N° RG 24/00340 – N° Portalis DBXU-W-B7I-H2DW – ordonnance du 13 novembre 2024
Se plaignant que les plantations de la parcelle de Madame [I] [P] empiétaient sur son terrain et que, malgré une mise en demeure adressée le 6 juillet 2024 cette dernière n’y avait pas remédié, Madame [G] [T] a, par acte du 9 août 2024, fait assigner Madame [I] [P] devant le président de ce tribunal, statuant en référé.

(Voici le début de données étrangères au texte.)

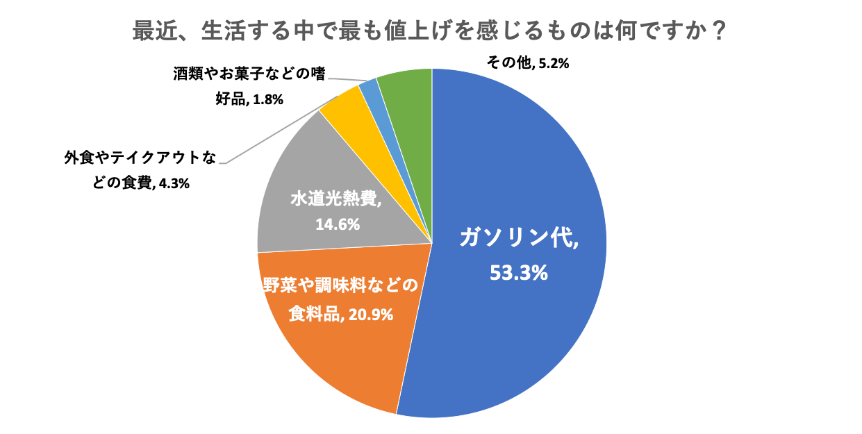 最近生活する中で最も値上げを感じるものについて聞いたところ「ガソリン代(53.3%)」の回答が最も多く、半数以上を占める結果となりました。次いで「野菜や調味料などの食料品(20.9%)」「水道光熱費(14.6%)」と日常生活にかかる費用で値上げを感じている方が多いことがわかりました。
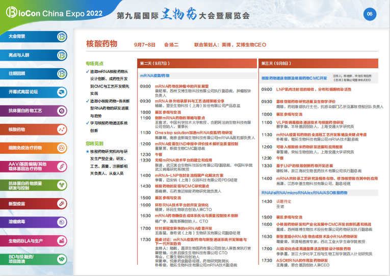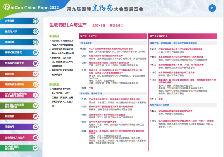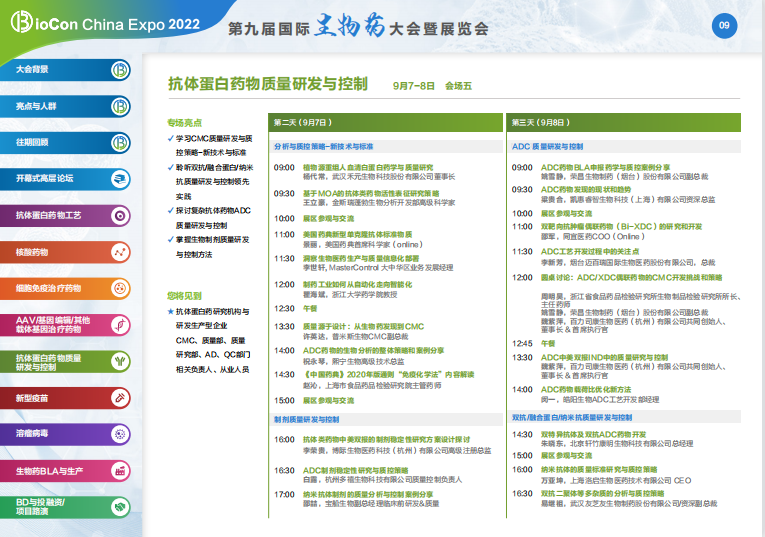 第九屆國際生物藥大會暨展覽會將有10+場細分論壇及開幕式,多個場景展區(qū),圍繞生物藥的多個細分品類展開深入分享與探討,攜手各行專家共同解答上述困惑,助力行業(yè)加速發(fā)展。
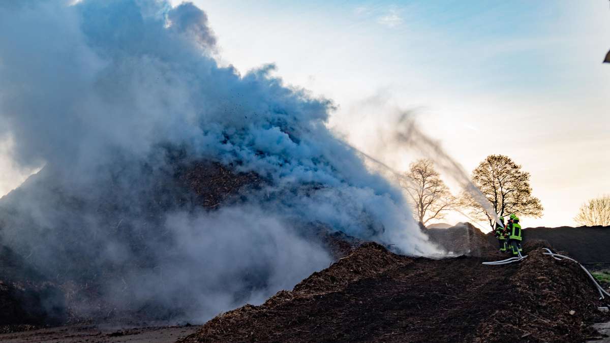 Employees of the affected company supported the extinguishing work by shifting the mulch with two wheel loaders. In the afternoon around 3:49 p.m., the fire department was called again to the same location because the bark mulch had ignited again. Eight emergency services were deployed and were able to quickly bring the fire under control. Again, two of the company's wheel loaders were used to transport the mulch.
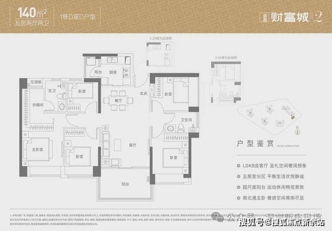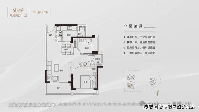 竖厅格局,客厅3.4米开间,LDKB一体化设计,动静分区,L型厨房还带1个生活阳台,卫生间三段式干湿分离,得房率约79%(不含赠送),东北朝向。
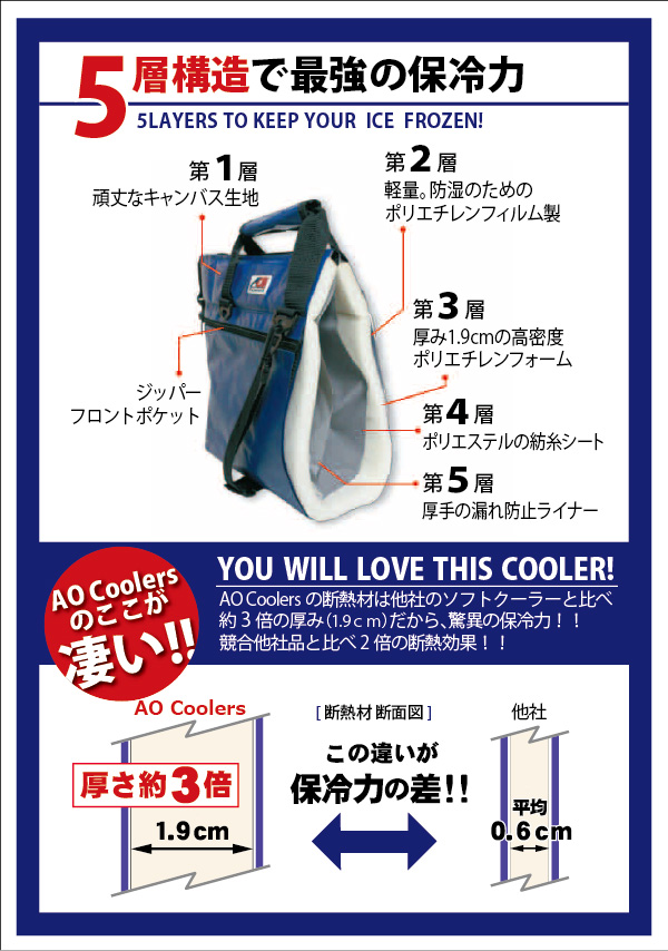 | 特徴 | AOクーラーが選ばれるポイント 1-最強の保冷力 2-軽量 3-結露しない構造 4-汚れても簡単に掃除できるライナー 5-縫い目のないインナー構造 6-環境に優しい新TPUライナー | ||||||
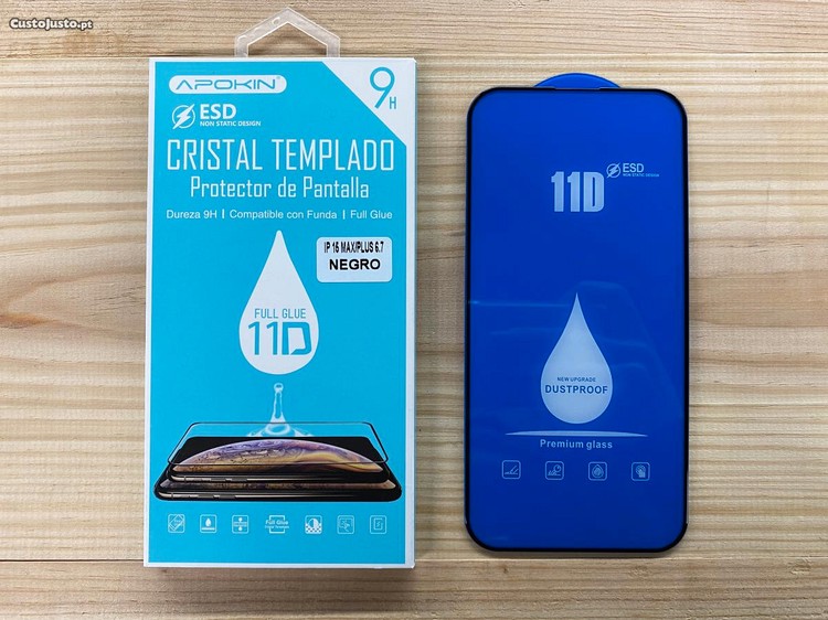 Preço: 8 €Película de vidro temperado completa (Full Screen) para iPhone 15 Plus - Cobertura total do ecrã

Dans ses dernières conclusions, signifiées électroniquement le 24 septembre 2024, elle demande de :
déclarer recevable et bien-fondée son action ;condamner [I] [P] à exécuter les travaux de remise en état de sa parcelle cadastrée D211, par l’élagage, débroussaillage, l’enlèvement de déchets sur le terrain et sur les fonds voisins, sous astreinte financière de 100 euros par jour de retard, à l’expiration d’un délai de deux jours après la signification de la décision à intervenir ;condamner [I] [P] à lui payer la somme de 2 000 euros à titre de provision, en réparation de son préjudice moral ;condamner [I] [P] à lui payer la somme de 1 000 euros en application des dispositions de l’article 700 du code de procédure civile ;débouter [I] [P] de sa demande indemnitaire au titre du préjudice moral ;débouter [I] [P] de sa demande indemnitaire au titre de l’article 700 du code de procédure civile ;débouter [I] [P] de toutes ses demandes plus amples ou contraires ;condamner [I] [P] aux dépens ;ordonner l’exécution provisoire.
Elle fait valoir que :
Sur la recevabilité de l’action,
celle-ci se fonde sur le risque d’incendie du fait non entretien des parcelles de Madame [P] et non sur un trouble anormal de voisinage ;s’il devait être jugé qu’une conciliation préalable est nécessaire, elle produit tous les éléments démontrant qu’à l’occasion d’une précédente procédure, une tentative de conciliation a été mise en place antérieurement, deux procès-verbaux de non conciliation ayant été établis dont l’un a trait sur les difficultés de non entretien des parcelles entre les parties;Sur la demande de remise en état,
l’état de la parcelle de [I] [P] constitue dès lors un trouble manifestement illicite ;il ressort du procès-verbal de commissaire de justice du 20 juin 2024 que la parcelle de [I] [P] est en friche et non entretenue, que des végétaux avancent sur sa parcelle et font s’affaisser la barrière ce qui démontre que cette dernière ne respecte pas les obligations générales de sécurité ou de salubrité publique qui s’imposent à elle créant un risque de propagation d’incendie d’autant qu’il s’agit d’une parcelle inhabitée ;cet incendie pourrait endommager à la fois son château, mais également l’église d’Aptot, monument répertorié à l’observatoire du patrimoine religieux ;Sur la demande de provision,
elle justifie d’un préjudice moral la situation perdurant depuis très longtemps, ayant nécessité l’établissement d’un procès-verbal de constat de commissaire de justice;la demande de provision est également justifiée en raison des procédures antérieures intentées à son égard par [I] [P] ;
Dans ses dernières conclusions signifiées électroniquement le 24 septembre 2024, Madame [I] [P] demande au président de ce tribunal, statuant en référé, de :
A titre principal,
déclarer [N] [G] [T] irrecevable en ses demandes ;A titre subsidiaire,
débouter [N] [G] [T] de l’ensemble de ses demandes, fins et conclusions ;En tout état de cause,
condamner [N] [G] [T] à lui payer la somme de 1 000 euros de dommages-intérêts à titre provisionnel en raison du préjudice moral subi ;condamner [N] [G] [T] à payer à Maître Carine DESROLLES la somme de 1 000 euros sur le fondement de l’article 37 de la loi du 10 juillet 1991 ;condamner [N] [G] [T] aux dépens.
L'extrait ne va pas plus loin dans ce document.